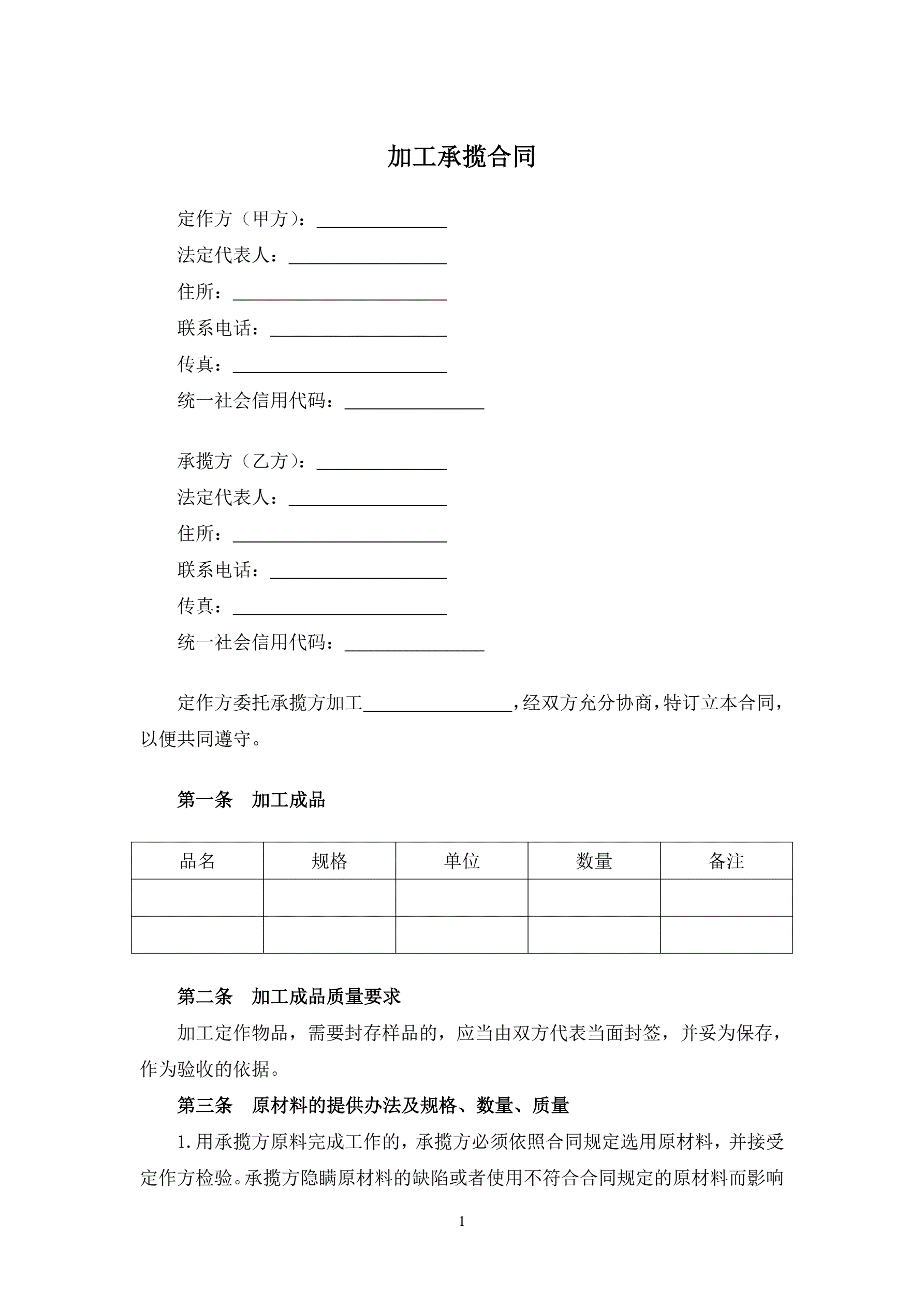 >加工承揽合同(1)
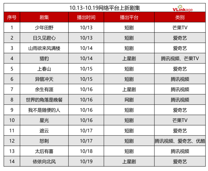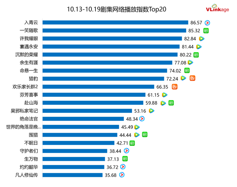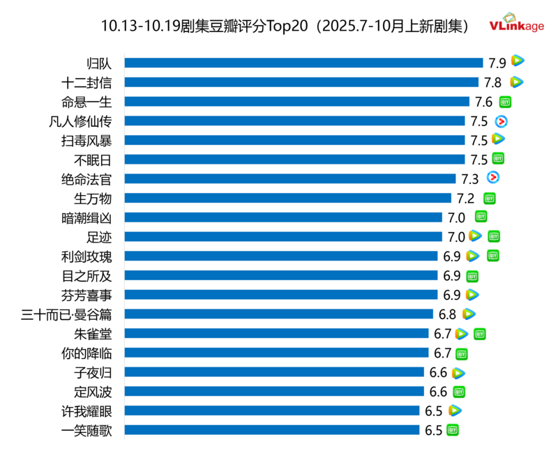 下图为今年下半年剧集豆瓣评分Top20,上周有三部作品豆瓣开分并进入榜单,分别为豆瓣评分7.6分的悬疑剧《命悬一生》,同为6.5分的现偶剧《许我耀眼》和古偶剧《一笑随歌》。
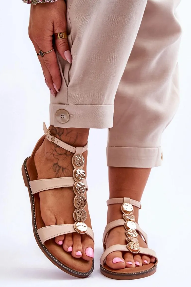 Sandały damskie zostały wykonane z eko skóry. Posiadają zdobienie w postaci kół na środkowym pasku. Zapinane wokół kostki na regulowany pasek ze sprzączką. Nosek odkryty, zaokrąglony. Wokół podeszwy znajdują się ozdobne ćwieki. Sandałki osadzono na płaskim obcasie, z podeszwą z gumowego tworzywa, która jest dodatkowo antypoślizgowa. Wygodna wkładka została wykonana z eko skóry. Przy wyborze rozmiaru prosimy kierować się tabelą rozmiarów.
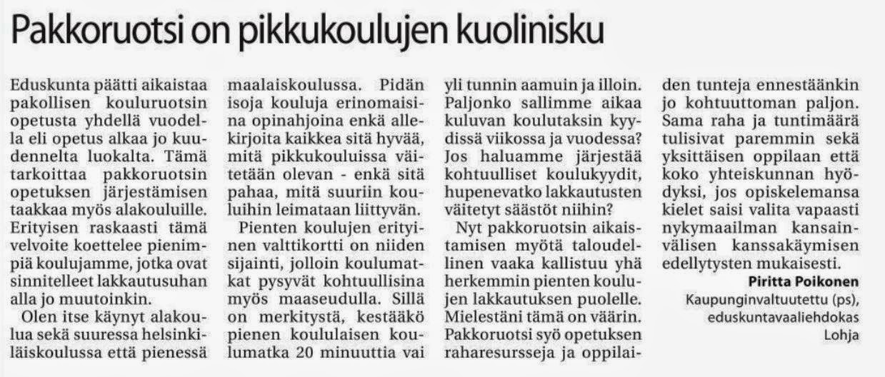 "Pakkoruotsi on pikkukoulujen kuolinisku"
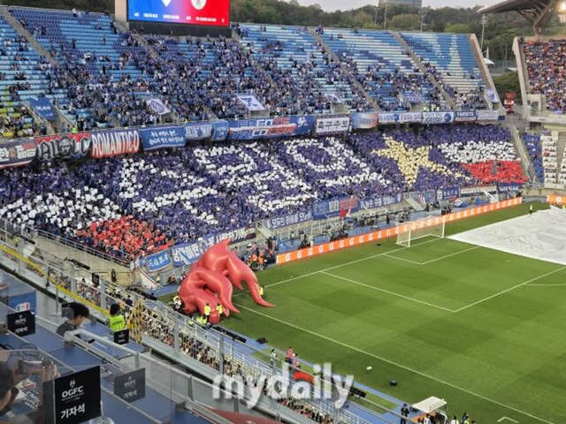 0 [마이데일리 = 수원월드컵경기장 노찬혁 기자] 양 팀 팬들이 열띤 응원을 펼치며 분위기를 띄웠다.수원 삼성 레전드 팀은 19일 오후 7시 수원월드컵경기장에서 'OGFC: THE LEGENDS ARE BACK' OGFC와 레전드 매치를 치르고 있다.킥오프 전부터 경기장 분위기는 절정에 달했다.
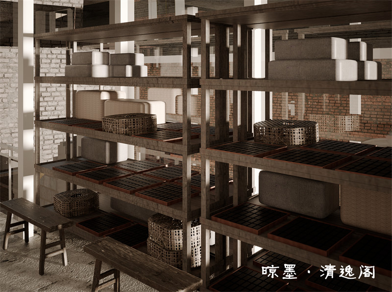 为了增加游客的体验与互动,我们在二层的半室外玻璃体内设置了磨墨晾墨区域,这是一个相对独立且通风良好的地方。可以确保墨水的自然晾干,同时不会干扰到饮茶的氛围。
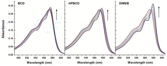 To confirm the calculated binding constants of resorufin-CD complexes (determined from the data of fluorescence spectroscopy; see in Section 2.1) as well as to investigate the possible formation and stability of resazurin-CD complexes, absorption spectra of resorufin and the parent compound resazurin were recorded in the presence of CDs at 25 °C. CDs (0–4000 μM) were added to a fixed concentration of resorufin or resazurin (both 4 μM) in PBS. The absorbance values of both resorufin and resazurin increased together with the increasing CD concentrations (Figure 5 and Figure 6, respectively). Importantly, CDs alone (that is, without resazurin and resorufin) did not have any absorbance at the applied concentrations (data not shown), indicating that the abovementioned increase in the absorbance is most likely due to the interaction of resazurin or resorufin with CDs. In addition, not only absorbance increase but also a slight red shift of the absorption maxima was observed (Figure 5 and Figure 6). These findings suggest that resorufin and resazurin are able to form complexes with CDs.
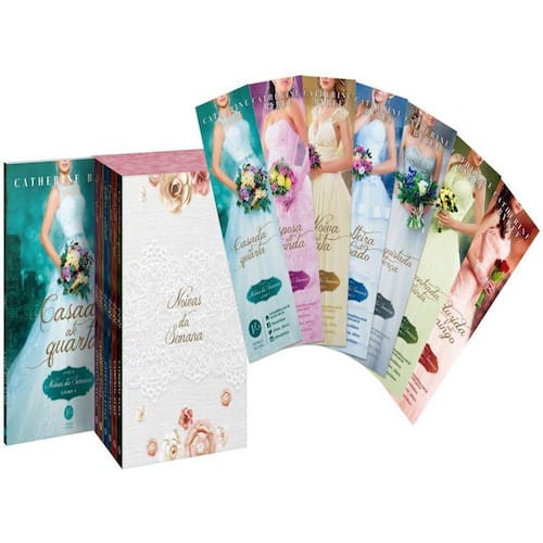 " Os sete deliciosos romances de Catherine Bybee agora juntos em uma linda caixa acompanhada dos marcadores de todos os livros da série! As edições econômica, impressas em papel branco e sem orelha, foram feitas exclusivamente para o box! As histórias de tirar o fôlego de Catherine Bybee que conquistaram milhares de fãs pelo mundo, agora estão reunidas pela primeira vez. Venha se envolver com a paixão, o suspense e a sensualidade da série Noivas da semana, contendo um românce para cada dia da semana! O box inclui os sete livros da série - Casada até quarta, Esposa até segunda, Noiva até sexta, Solteira até sábado, Conquistada até terça, Seduzida até domingo e Encontrada até quinta - e marcadores temáticos. Casada até quarta (196 pág.) Blake Harrison é um homem rico, nobre, charmoso... e precisando de uma esposa até quarta-feira. Para isso, Blake recorre a Samantha Elliot, linda e exuberante, com a voz mais sexy que ele já ouviu. Dona da agência de casamentos Alliance, ela não está no menu de pretendentes... até Blake lhe oferecer milhões de dólares por um contrato de um ano. Agora, ela precisa disfarçar a atração que sente por seu novo marido e evitar a todo custo a cama dele. Mas os beijos ardentes de Blake e seu charme inegável se provam muito difíceis de resistir. Era um contrato de casamento que previa tudo... menos se apaixonar. Agora só resta a Samantha proteger seu coração até que o contrato chegue ao fim. Esposa até segunda (252 pág.) Carter Billings, com seus cabelos loiros, olhos azuis e beleza hollywoodiana, pode ter a mulher que quiser. Mas, quando decide concorrer à vaga de governador do estado da Califórnia, Carter sabe que vai precisar abandonar a vida de solteiro. E para isso ele precisa de uma esposa. Entra Eliza Havens, que gerencia a agência de casamentos Alliance. Eliza nunca brigou tanto com um homem - e nunca conheceu alguém que mexesse tanto com ela. Juntar pessoas solitárias é a maneira como ela ganha a vida, porém um obscuro segredo do passado a faz descartar totalmente a possibilidade de se casar. Pelo menos foi assim até agora... Noiva até sexta (308 pág.) Gwen Harrison é a bela filha de um duque inglês que se mudou para os Estados Unidos para cuidar da agência de casamentos de sua cunhada. Só porque ela agora é a chefe da agência, não significa que não possa fantasiar um encontro perfeito com o enigmático Neil MacBain, o guarda-costas que vem tornando seus sonhos um tanto quanto agitados. O ex-fuzileiro naval Neil MacBain não pode negar o efeito da aristocrata Gwen em seu corpo esculpido pela rotina militar. Mas negócios são negócios, e manter distância é fundamental - até uma ameaça do passado de Neil retornar e Gwen se ver no meio do fogo cruzado. Agora depende de Neil decidir o que é mais importante salvar: sua carreira, sua vida... ou a mulher que conquistou seu coração. Solteira até sábado (280 pág.) Karen Jones se casou com um astro de Hollywood, porém é ela quem desempenha diariamente um papel - o de esposa feliz. Um ano atrás, ela concordou em se casar um ator famoso para dissipar rumores sobre a vida pessoal dele. Agora seu divórcio se aproxima, assim como um pagamento de cinco milhões de dólares. No entanto, conforme Karen se prepara para abandonar com elegância seu casamento arranjado, ela conhece o cunhado, Zach Garnder, um homem lindo de morrer. E quando o casal famoso decide visitar a família Gardner, Karen precisa esconder o segredo do marido e de seus parentes bisbilhoteiros... incluindo Zach, o homem que talvez seja o verdadeiro amor da vida dela. Conquistada até terça (290 pág.) Judy Gardner acabou de se formar na faculdade e está pronta para ganhar o mundo... desde que consiga um emprego. Enquando não se torna a profissional respeitada que espera ser, ela se muda para a casa de seu irmão celebridade em Los Angeles. Mas é difícil para Judy se concentrar no trabalho quando o guarda-costas sexy por quem ela se apaixonou no verão passado continua aparecendo em sua vida e tirando seu fôlego. Com um corpo musculoso, olhos verdes e sorriso fácil, Rick Evans poderia ter a mulher que ele quisesse. Mas ele só tem olhos para a impulsiva Judy. Quando ela sofre um ataque, Rick sabe que não vai parar até ter certeza de que a mulher da sua vida está a salvo do monstro atrás dela. Seduzida até domingo (294 pág.) Meg Rosenthal, administradora de agência de casamentos e realista nas horas vagas, não é mulher de se deixar seduzir por um empresário bonitão em um terno feito sob medida. Mas há algo no fascinante italiano Valentino Masini que é difícil de resistir, mesmo para uma mulher que se recusa a se apaixonar. O lindo e bem-sucedido homem de negócios está acostumado a ter as melhores coisas da vida. No entanto, ele nunca quis nada como quer Meg, a mulher que está criando uma tormenta em seu coração. Quando ele finalmente decide convencê-la a ficar, uma pessoa m
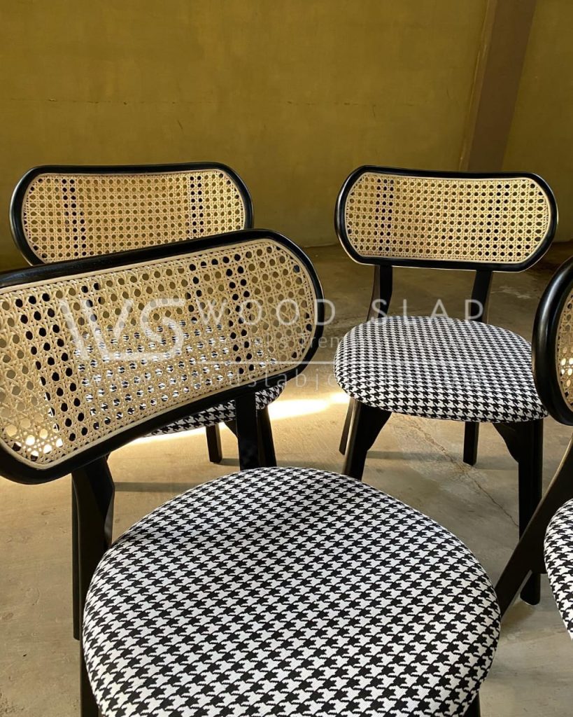 Sebuah kursi cafe yang terbuat dari bahan material kayu jati grade A dengan kontruksi purus yang kokoh serta penambahan rotan pada bagiam sandaran membuat kursi ini sangat cocok untuk digunakan pada ruang makan, cafe, restoran atau teras rumah anda, dengan desain yang milimalist elegant membuat kursi ini cukup diminati di kalangan anak muda, kursi ini merupakan salah satu koleksi dari katalog WOOD SLAB Jepara.

- _WHAT THE EXERCISE ASKS_:
Your answer must be the exact lines from the start of the data through the line with "为了增加游客的体验与互动,我", inclusive, and nothing else; pictures do not belong in it.

- _SOLUTION TO THIS TASK_:
 >加工承揽合同(1)
 下图为今年下半年剧集豆瓣评分Top20,上周有三部作品豆瓣开分并进入榜单,分别为豆瓣评分7.6分的悬疑剧《命悬一生》,同为6.5分的现偶剧《许我耀眼》和古偶剧《一笑随歌》。
 Sandały damskie zostały wykonane z eko skóry. Posiadają zdobienie w postaci kół na środkowym pasku. Zapinane wokół kostki na regulowany pasek ze sprzączką. Nosek odkryty, zaokrąglony. Wokół podeszwy znajdują się ozdobne ćwieki. Sandałki osadzono na płaskim obcasie, z podeszwą z gumowego tworzywa, która jest dodatkowo antypoślizgowa. Wygodna wkładka została wykonana z eko skóry. Przy wyborze rozmiaru prosimy kierować się tabelą rozmiarów.
 "Pakkoruotsi on pikkukoulujen kuolinisku"
 0 [마이데일리 = 수원월드컵경기장 노찬혁 기자] 양 팀 팬들이 열띤 응원을 펼치며 분위기를 띄웠다.수원 삼성 레전드 팀은 19일 오후 7시 수원월드컵경기장에서 'OGFC: THE LEGENDS ARE BACK' OGFC와 레전드 매치를 치르고 있다.킥오프 전부터 경기장 분위기는 절정에 달했다.
 为了增加游客的体验与互动,我们在二层的半室外玻璃体内设置了磨墨晾墨区域,这是一个相对独立且通风良好的地方。可以确保墨水的自然晾干,同时不会干扰到饮茶的氛围。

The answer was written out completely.